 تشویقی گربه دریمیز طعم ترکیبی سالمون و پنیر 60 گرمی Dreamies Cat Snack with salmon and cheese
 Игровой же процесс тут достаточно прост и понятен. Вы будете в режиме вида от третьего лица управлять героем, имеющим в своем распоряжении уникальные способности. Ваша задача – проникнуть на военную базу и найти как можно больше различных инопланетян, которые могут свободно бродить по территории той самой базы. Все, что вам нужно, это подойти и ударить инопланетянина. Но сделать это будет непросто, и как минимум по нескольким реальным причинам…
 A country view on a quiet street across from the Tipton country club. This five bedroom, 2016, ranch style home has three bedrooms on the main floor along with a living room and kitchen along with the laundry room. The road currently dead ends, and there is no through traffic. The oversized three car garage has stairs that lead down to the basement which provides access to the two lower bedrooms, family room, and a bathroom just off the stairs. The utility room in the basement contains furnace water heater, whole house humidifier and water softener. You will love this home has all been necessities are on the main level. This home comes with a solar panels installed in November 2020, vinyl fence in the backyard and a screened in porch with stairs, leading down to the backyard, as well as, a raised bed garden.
--
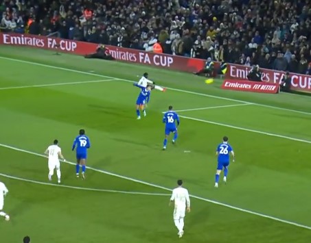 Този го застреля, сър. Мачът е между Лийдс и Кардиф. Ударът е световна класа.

THE TASK.
I need each line of the entries that holds the string "with" located and copied.

TASK RESULT.
 تشویقی گربه دریمیز طعم ترکیبی سالمون و پنیر 60 گرمی Dreamies Cat Snack with salmon and cheese
 A country view on a quiet street across from the Tipton country club. This five bedroom, 2016, ranch style home has three bedrooms on the main floor along with a living room and kitchen along with the laundry room. The road currently dead ends, and there is no through traffic. The oversized three car garage has stairs that lead down to the basement which provides access to the two lower bedrooms, family room, and a bathroom just off the stairs. The utility room in the basement contains furnace water heater, whole house humidifier and water softener. You will love this home has all been necessities are on the main level. This home comes with a solar panels installed in November 2020, vinyl fence in the backyard and a screened in porch with stairs, leading down to the backyard, as well as, a raised bed garden.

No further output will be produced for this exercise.